1What is the difference between SAT Subject Tests and Advanced Placement classes and exams?
SAT Subject Tests are high school-level tests, reflecting high school curricula. These tests indicate a student’s readiness to take college-level courses in specific subject areas. AP Exams, however, assess a student’s college-level knowledge, skills and abilities, learned in the corresponding AP courses. As a result, the topics covered on SAT Subject Tests may differ from those covered on AP Exams. While AP Exams are also an excellent way to demonstrate understanding in specific subject areas, not all students have an opportunity to take AP courses in a range of subjects. For students who lack access to AP and still wish to demonstrate subject knowledge, the Subject Tests offer this opportunity. Also, students who are taking an AP course in senior year may not have their AP Exam score to report to colleges in time to meet admission deadlines. In this case, they could use Subject Tests scores to show their mastery in the subject.
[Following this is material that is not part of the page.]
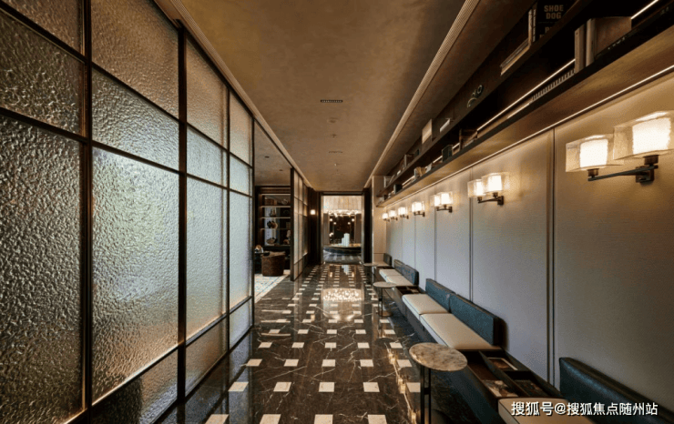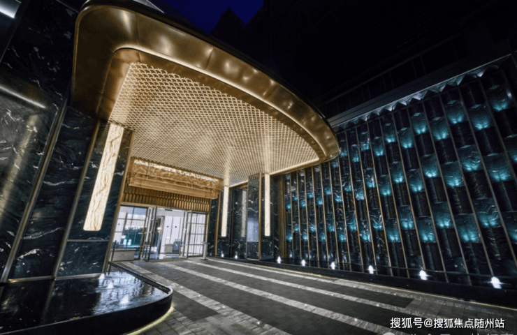 豪华酒店式门头,是整整用了一年时间才打磨出来的。香槟金吊顶,镌刻精致龙鳞祥云纹,细节处彰显高贵;通透质感的玻璃屏风与景观水系,两侧沿中轴展开,极致恢弘。

2Should I take SAT Subject Tests if I’ve already taken other college admission tests (e.g., SAT or ACT)?
Some colleges require or recommend SAT Subject Tests in addition to the SAT or ACT. Some also use these for course placement once you’ve arrived on campus. Depending on your performance, you may potentially fulfill basic requirements or even receive credit for introductory-level courses.
3What if I don’t know which colleges I’m going to apply to?
You should still consider taking Subject Tests in case you decide on colleges or programs that do require or recommend them. You don’t want to have to try to schedule tests at the last minute. And remember, even colleges that don’t require or recommend Subject Tests may consider them as part of your application.
4What if the colleges that I’m interested in don’t require Subject Test scores?
You may still want to take Subject Tests in the subjects that you excel in and submit those scores. Many colleges may still consider Subject Tests when reviewing your application, since they give a more complete picture of your academic background and show your readiness to focus on a specific major or program of study. Subject Tests can also help you place into the right college courses.